## [YOUR INSTRUCTIONS]
Retype the lines below exactly, but only those from the line that has "Ein Baustellenschild macht" through the line that has "Solid Dreiebenk av". Omit every picture.

## [DATASET RECORDS]
========================================

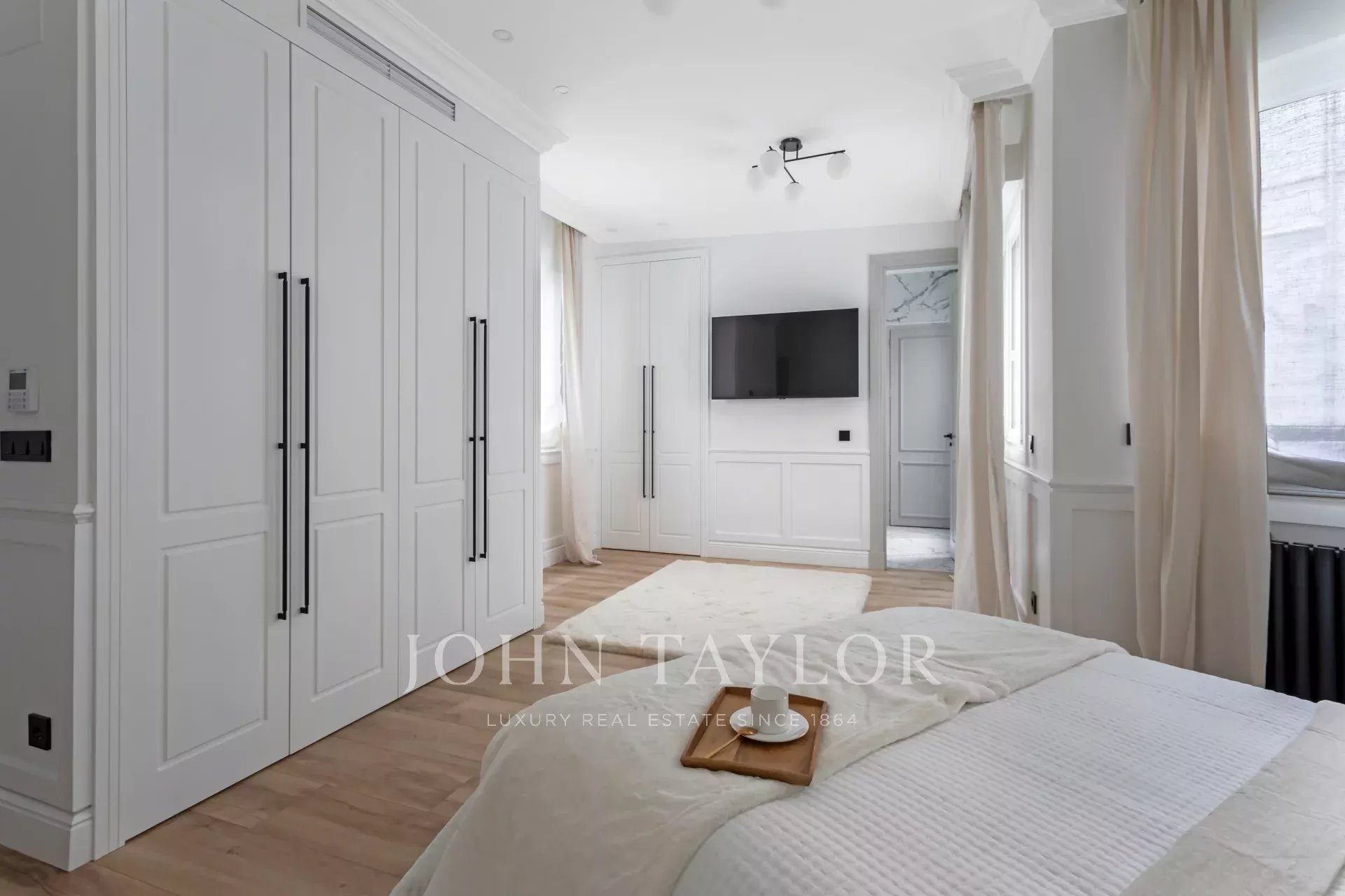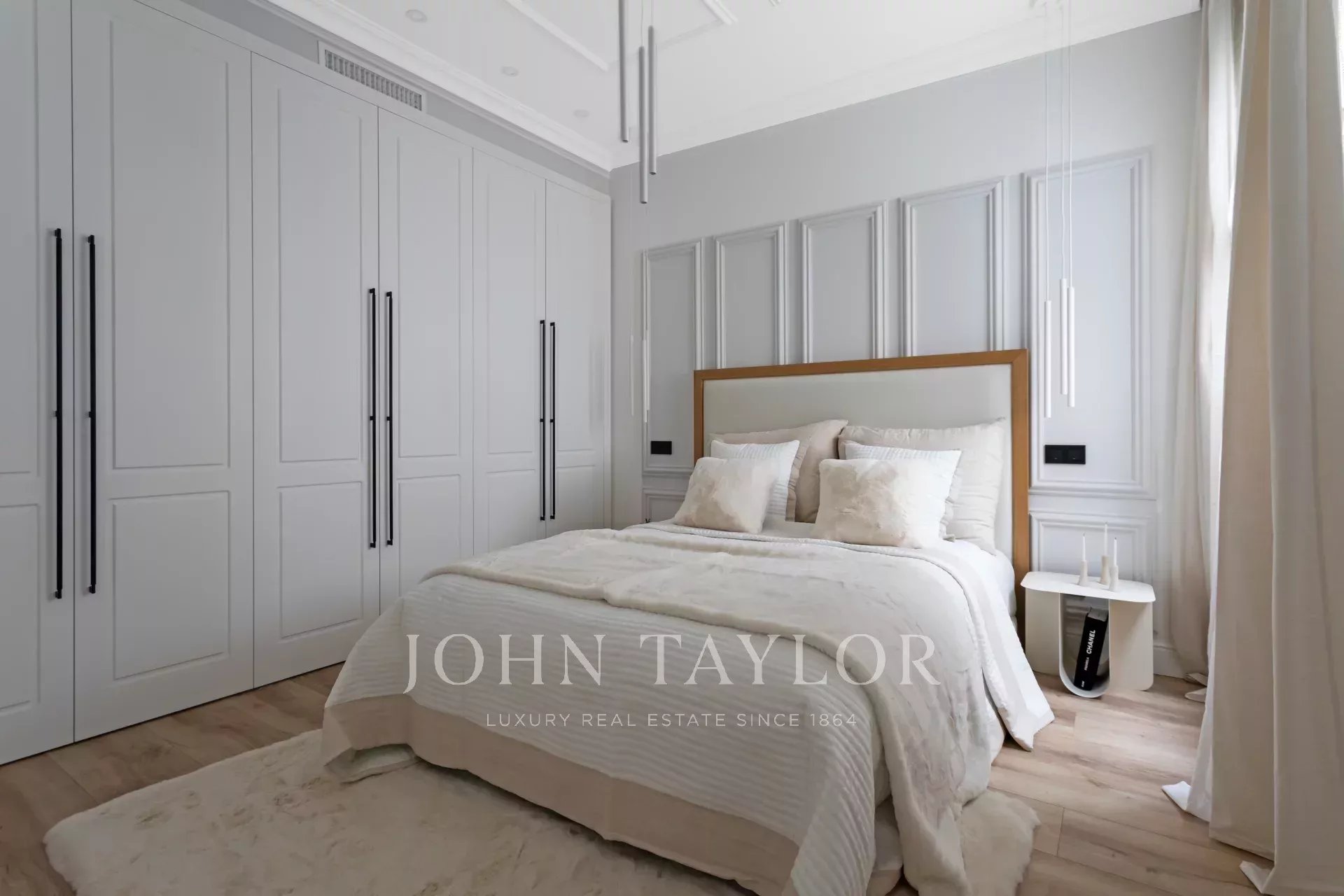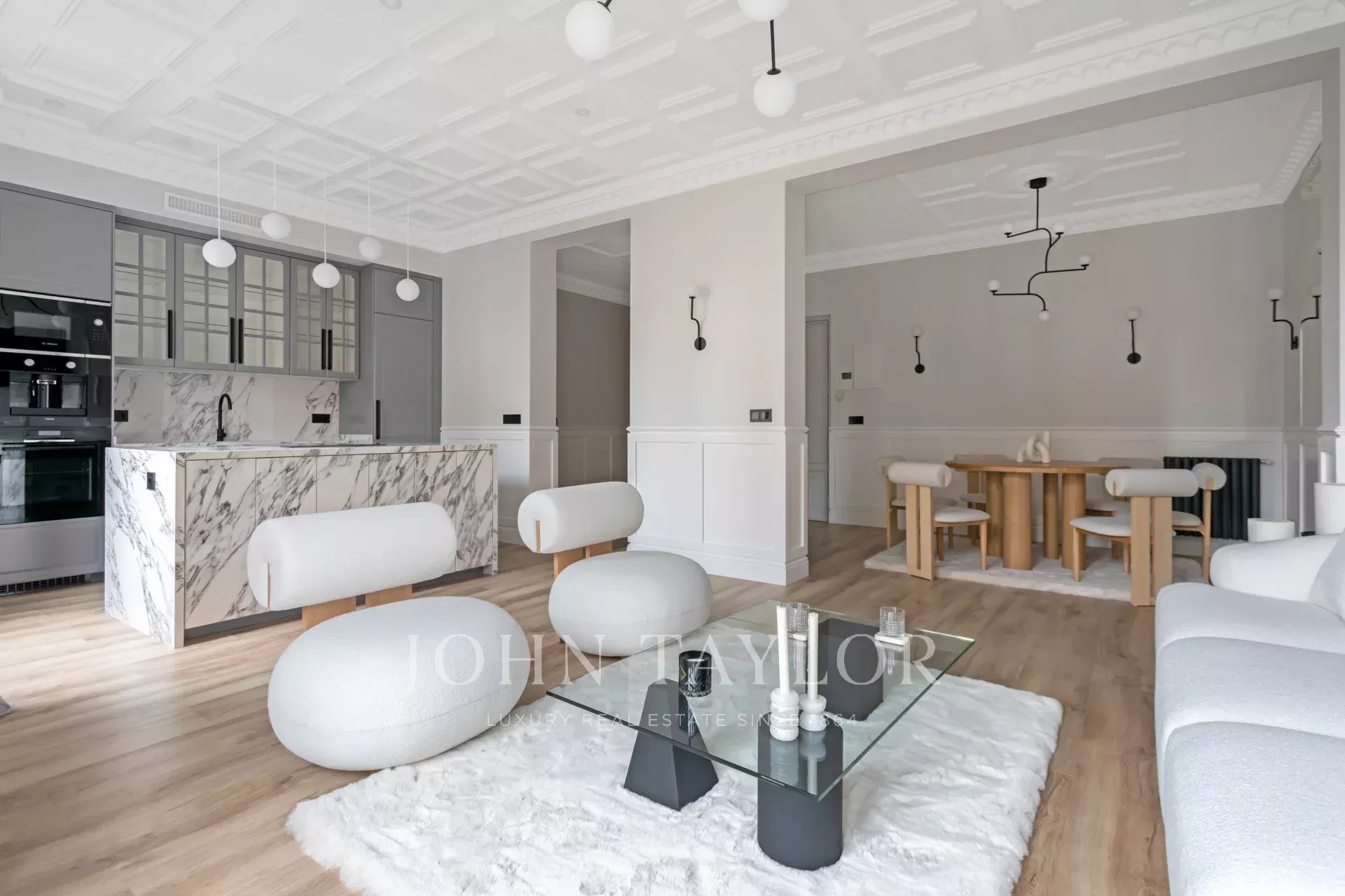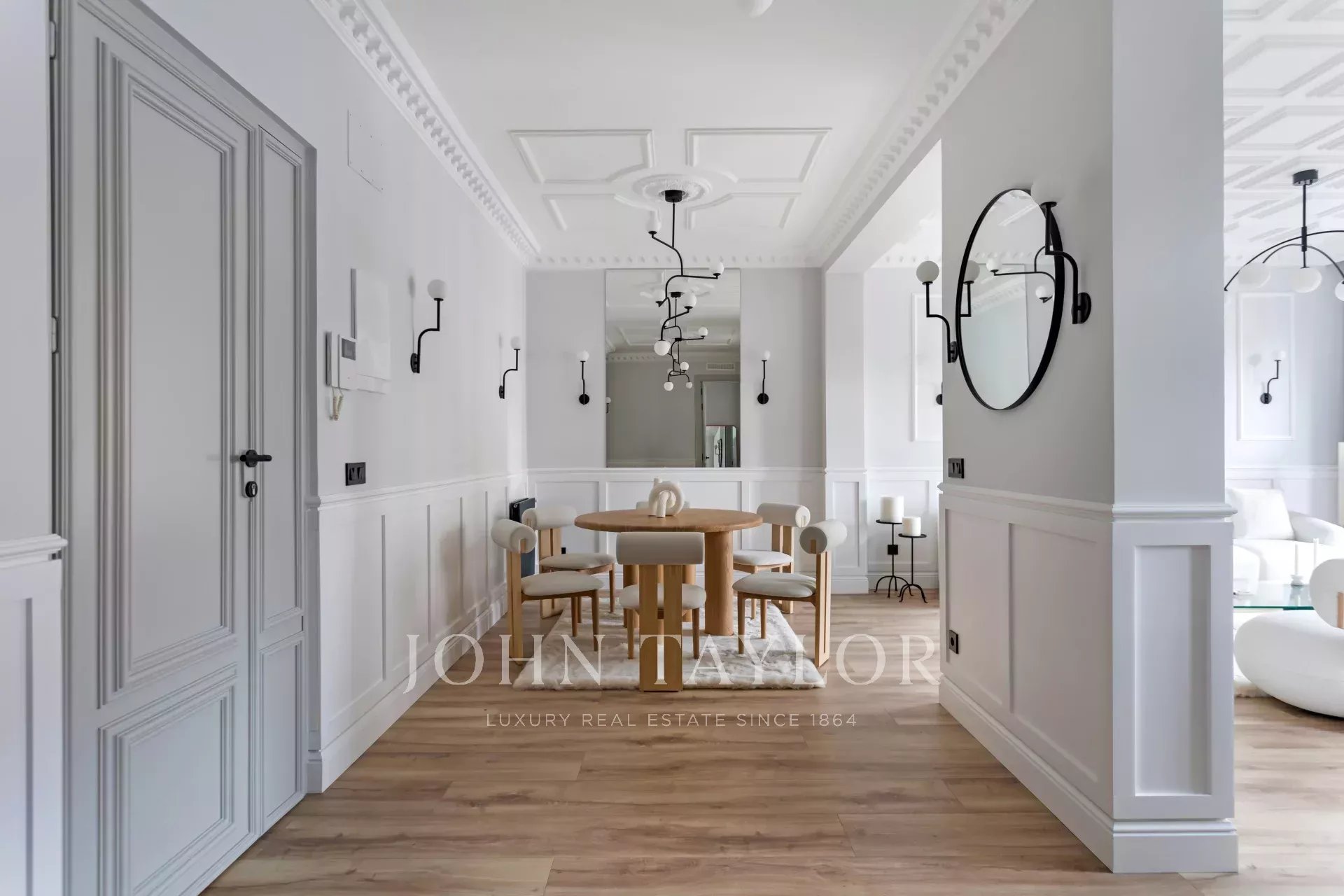 Eine neu renovierte Wohnung im fünften Stock eines schönen Gebäudes mit klassischer Fassade.
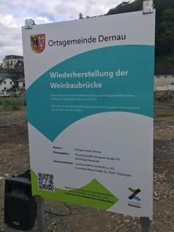 Ein Baustellenschild macht auf das für Dernau wichtige Bauprojekt aufmerksam.
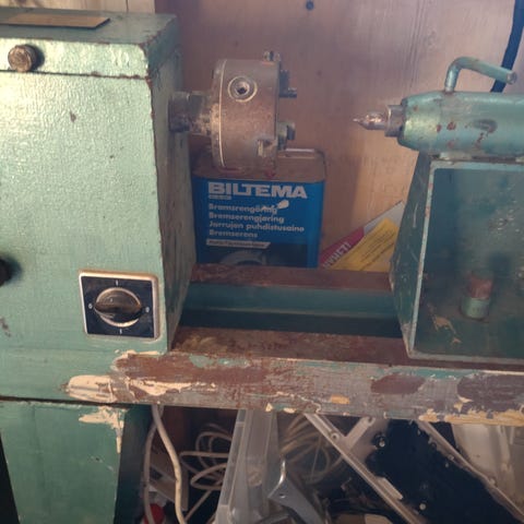 Solid Dreiebenk av eldre årgang. Ikke vært i bruk de siste 20år, men alltid vært lagret innendørs.
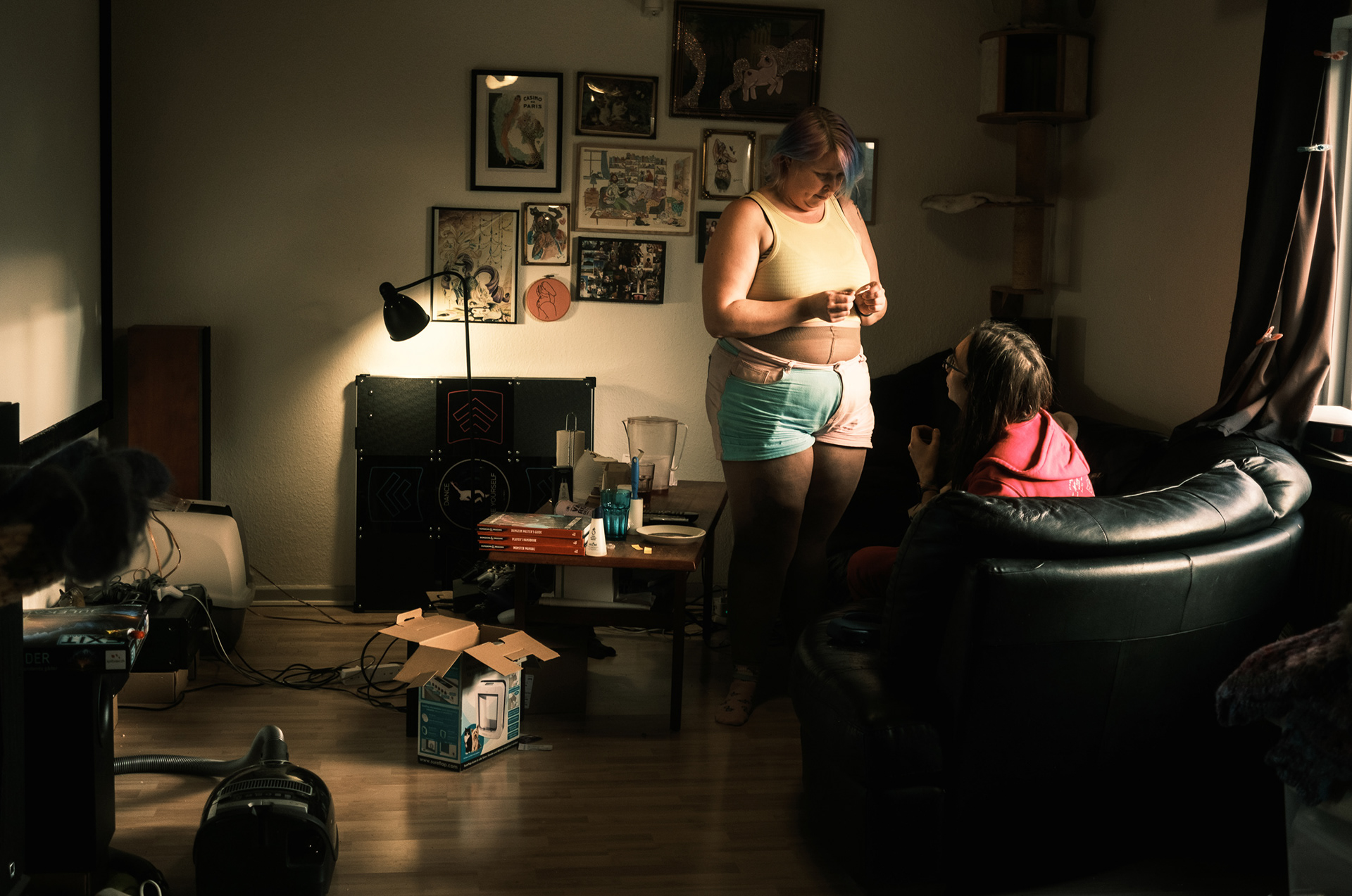 Regina and her partner, Bjarke, in their living room on February 17, 2025. Bjarke supports Regina in her activist work by providing a stable financial foundation that allows her to focus on running her own activist business.
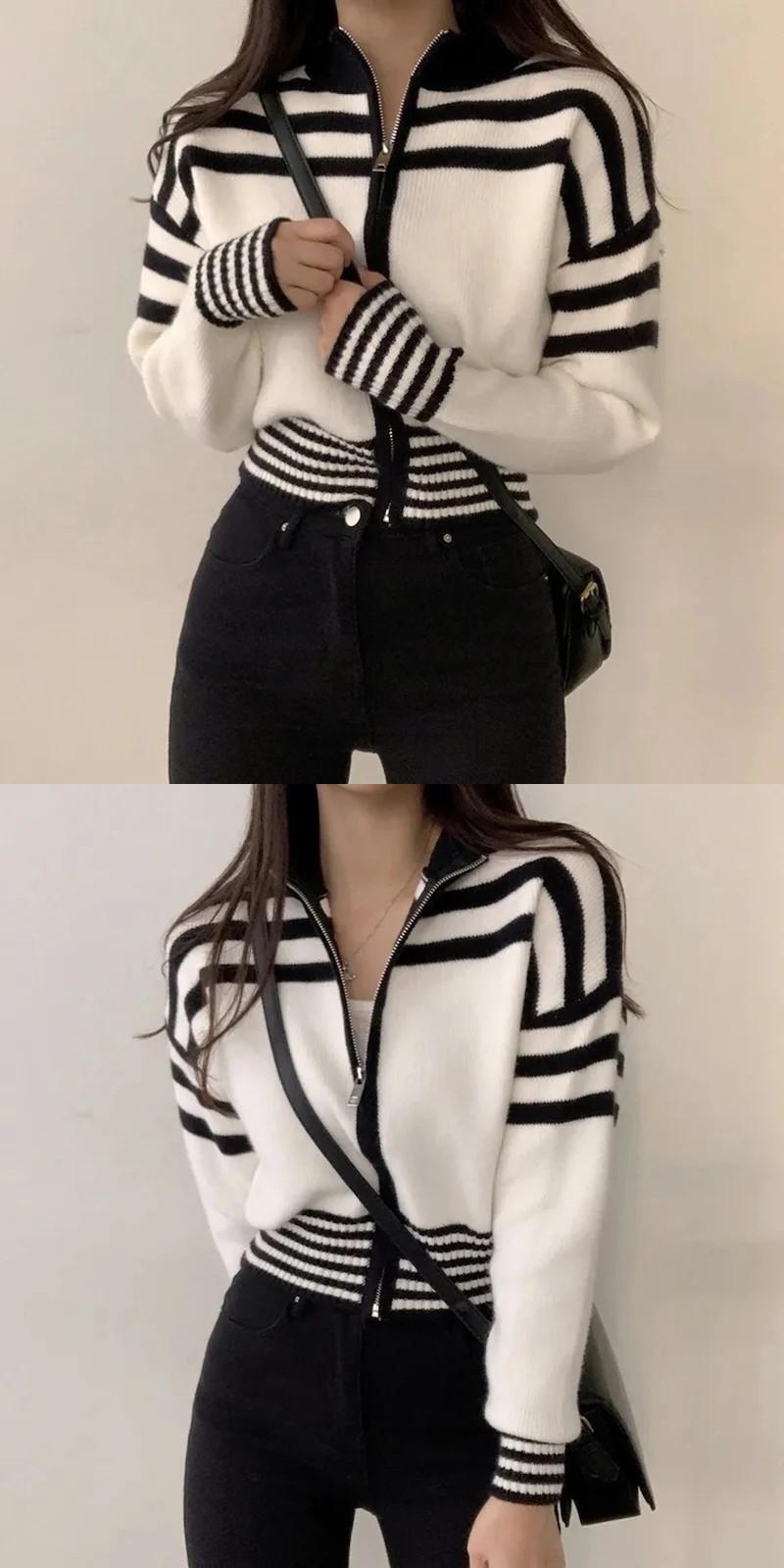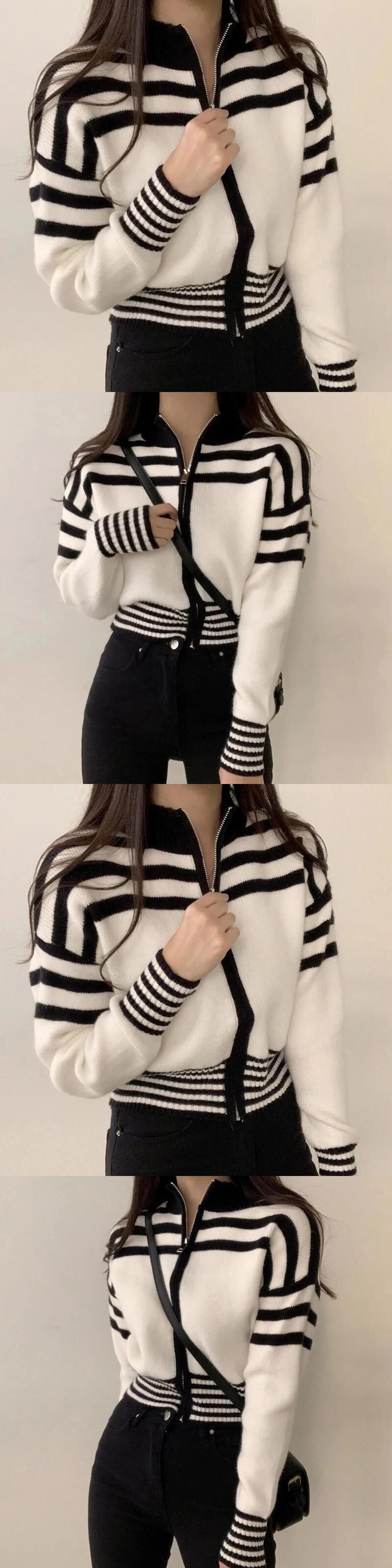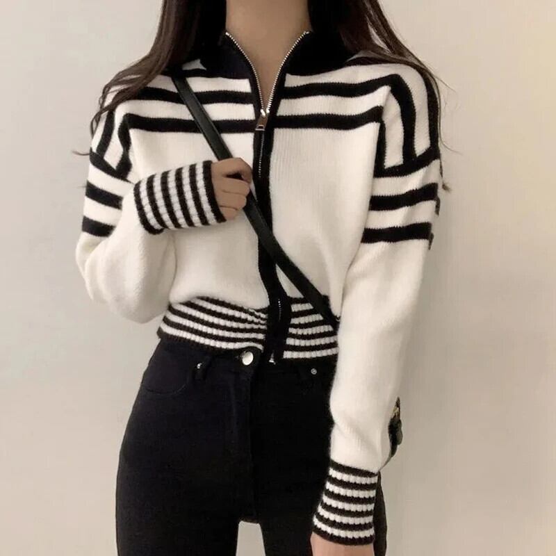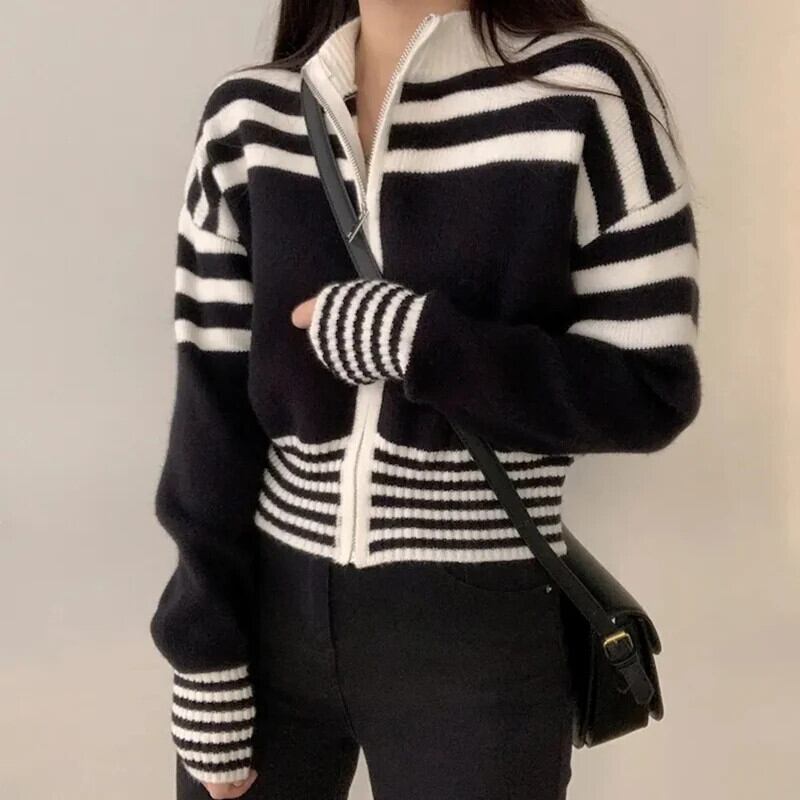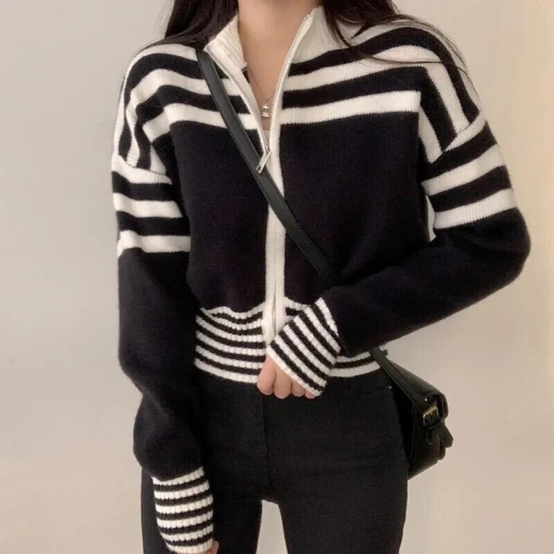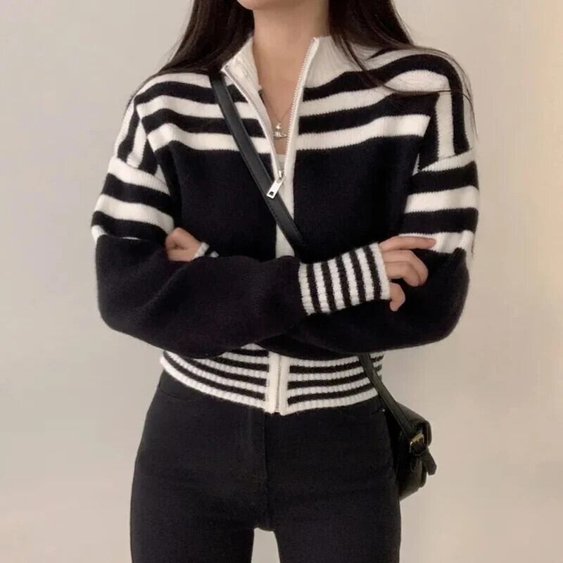 送料無料 Gidyq 女性ストライプカーディガンセーターストリートジッパールーズコート秋すべて一致ニットジャケット オータム 秋物 AE008077613976935670

========================================

## [SOLUTION FOR THIS TASK]
 Ein Baustellenschild macht auf das für Dernau wichtige Bauprojekt aufmerksam.
 Solid Dreiebenk av eldre årgang. Ikke vært i bruk de siste 20år, men alltid vært lagret innendørs.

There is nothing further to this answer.